RandomForestClassifier(bootstrap=True, ccp_alpha=0.0, class_weight=None,
                       criterion='gini', max_depth=None, max_features='auto',
                       max_leaf_nodes=None, max_samples=None,
                       min_impurity_decrease=0.0, min_impurity_split=None,
                       min_samples_leaf=1, min_samples_split=2,
                       min_weight_fraction_leaf=0.0, n_estimators=100,
                       n_jobs=None, oob_score=False, random_state=None,
                       verbose=0, warm_start=False)

In [64]:
test_vect = get_vects(test['description'])

In [65]:
# Predictions on test sample
pred = rf_classifier.predict(test_vect)

In [67]:
submission = pd.DataFrame({'id': test['id'], 'ratingCategory':pred})
submission['ratingCategory'] = submission['ratingCategory'].astype('int64')

In [68]:
# Make Sure the Category is an Integer
submission.head()

Unnamed: 0,id,ratingCategory
0,3461,1
1,2604,1
2,3341,1
3,3764,1
4,2306,1


In [69]:
subNumber

2

In [70]:
# Save your Submission File
# Best to Use an Integer or Timestamp for different versions of your model
submission.to_csv(os.path.join(f"submission{subNumber}.csv"), index=False)
subNumber += 1

## Challenge

What you should be doing now:
1. Join the Kaggle Competition
2. Download the data
3. Train a model & try: 
    - Creating a Text Extraction & Classification Pipeline
    - Tune the pipeline with a `GridSearchCV` or `RandomizedSearchCV`
    - Add some Latent Semantic Indexing (lsi) into your pipeline. *Note:* You can grid search a nested pipeline, but you have to use double underscores ie `lsi__svd__n_components`
    - Try to extract word embeddings with Spacy and use those embeddings as your features for a classification model.
4. Make a submission to Kaggle 

# Post Lecture Assignment
<a id="p4"></a>

Your primary assignment this afternoon is to achieve a minimum of 70% accuracy on the Kaggle competition. Once you have achieved 70% accuracy, please work on the following: 

1. Research "Sentiment Analysis". Provide answers in markdown to the following questions: 
    - What is "Sentiment Analysis"? 
    - Is Document Classification different than "Sentiment Analysis"? Provide evidence for your response
    - How do create labeled sentiment data? Are those labels really sentiment?
    - What are common applications of sentiment analysis?
2. Research our why word embeddings worked better for the lecture notebook than on the whiskey competition.
    - This [text classification documentation](https://developers.google.com/machine-learning/guides/text-classification/step-2-5) from Google might be of interest
    - Neural Networks are becoming more popular for document classification.
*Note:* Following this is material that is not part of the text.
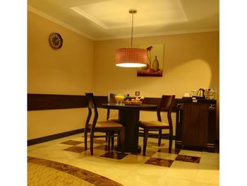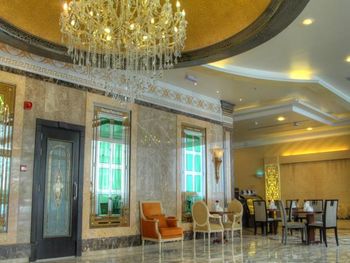 У ресторані готелю Sharjah Palace сервірують "шведський стіл", який складається з різноманітних страв європейської, китайської, арабської, індійської та далекосхідної кухонь, а також стейків та морепродуктів. У спокійної атмосфері лаунж-зони La Fontana гостям пропонують каву та інші гарячі напої.
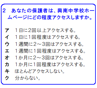 さて、今日から、1学期末(7月下旬)に実施した「興南中学校ホームページに関するアンケート」の集計結果をお知らせします。

Why is that the case?

Answers for part 1

Sentiment analysis is a form of a classification of text, but along the lines of the 
emotions or sentiment of the text.  For example if the text is negative, or if the text is positive (happy).

Sentiment analysis is a flavour of Document classification.  You are classifying the text into a type of sentiment.  You are trying to decide of the sentance (or the word) is negative, positive or neutral. 

The way to create labled data for a sentiment analysis, could be to ceate rules yourself and then apply those rules to the data to label it.  

Common application for sentiment analyisis would be to see the sentiment of a brand on the internet.  To monitor if reviews for a product are positive or negative.

Answers for question 2

It may have to do that word embeddings can generally work better when the number of samples/number of words per sample ratio is more than 1500.  The whiskey the number of words per sample is lower and the ratio is less than 1500.

Some of the reasons why neural networks are becoming more popular for classification is because neural networks can learn from what is in the data and also what is not.
They may also be more resistant to letting the classification be skewed when it shouldn't if the data that is fed to the neural networks is not quite balanced in the different types of classification.